S&P’s upgrade came less than a week after the sovereign conducted a re-tap of its 30-year bonds, in a continuation of the strategy of deepening the liquidity and narrowing the pricing of its benchmark bonds to facilitate access to the international markets for the country’s leading corporates. However, it is unlikely that the pricing would have benefited from the upgrade prior to the re-tap with the market already pricing the sovereign higher than its BBB- rating would imply. Brazil actually upsized the re-tap of its 5.625% 2041s to $1 billion from a proposed $500 million after the transaction attracted a book of more than $6 billion. With little else in the market, Brazil enjoyed pricing benefits of this oversubscription, closing at 114.700 to yield 4.694% or US Treasuries plus 160 basis points, equivalent to a concession of about 10 basis points on the outstanding notes. Brazil now has $2.8 billion of 2041s and $2.1 billion of 2021s. Bank of America Merrill Lynch and Barclays managed the transaction.

Corporate deals

The sovereign’s November re-tap will only help Brazil’s corporates access the markets, although as the end of November nears the volume of Brazilian corporate paper on the international markets has been low. At the beginning of September bankers reported a pipeline of between $5 billion and $7 billion, with many corporates readying to issue. This hasn’t happened, aside from some notable transactions, as corporates with track records are, despite low treasuries, reluctant to pay the higher new issue premiums being demanded by investors. Meanwhile the market doesn’t appear to be open for issuers of high-yield credits or first-time issuers.

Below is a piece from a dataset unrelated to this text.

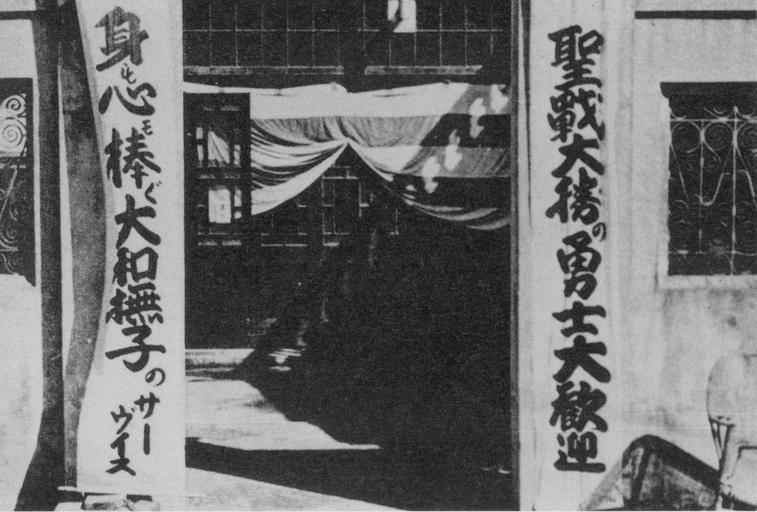 Keywords: Entrance of a comfort station.png Yamato nadeshikos who devote their body and soul to you Victorious warriors of the Holy War Very welcome 慰安 入り口 身も心も捧ぐ大和撫子のサーヴイス 聖戰大 の勇士大歓迎 before 1946 映像が語る 日韓併合 史 1875年--1945年 / Eizō ga kataru Nikkan heigō shi 1875-nen--1945-nen by Ki-su Sin; p 296 ISBN 9784947585295 not described 記載なし Custom license marker 2013 05 11 PD-Japan-oldphoto Uploaded with UploadWizard Comfort women of the Empire of Japan |

Top Brazil International DCM Bookrunners - By Deal Volume
2011 YTD Q1-4 2010
Bookrunner Parents Rank Deal Value $ (Proceeds) (m) No. %share Rank Deal Value $ (Proceeds) (m) No. %share
Santander 1 4,675 12 13.4 3 3,928 20 10.3
HSBC 2 3,451 15 9.9 1 4,344 22 11.3
JPMorgan 3 3,290 12 9.4 2 4,336 16 11.3
Itau BBA 4 3,042 13 8.7 5 3,706 23 9.7
Bank of America Merrill Lynch 5 2,641 14 7.6 6 3,448 18 9.0
Citi 6 2,528 8 7.2 13 835 4 2.2
Credit Suisse 7 1,838 6 5.3 8 2,069 8 5.4
Deutsche Bank 8 1,637 10 4.7 4 3,737 14 9.8
BTG Pactual 9 1,602 7 4.6 17 474 3 1.2
Banco Bradesco BBI SA 10 1,563 11 4.5 9 1,723 13 4.5
Total 34,972 55 100.0 38,320 68 100.0
Source: Dealogic

Electrobras’s transaction on 20 October showed that market volatility is stifling demand from Brazilian credits. The quasi-sovereign is rated Baa2/BBB/BBB- and had set out to raise $2.5 billion but had to lower that to $1.75 billion in a trade-off for pricing over size. Despite offering a new issue premium of between 40 and 50 basis points, pricing at par with a 5.75% coupon, the company had to downsize the deal. That a quasi-sovereign is having to cut deal sizes shows the difficulty in raising the amount of capital that creates the liquidity investors are looking for in deals out of Latin America.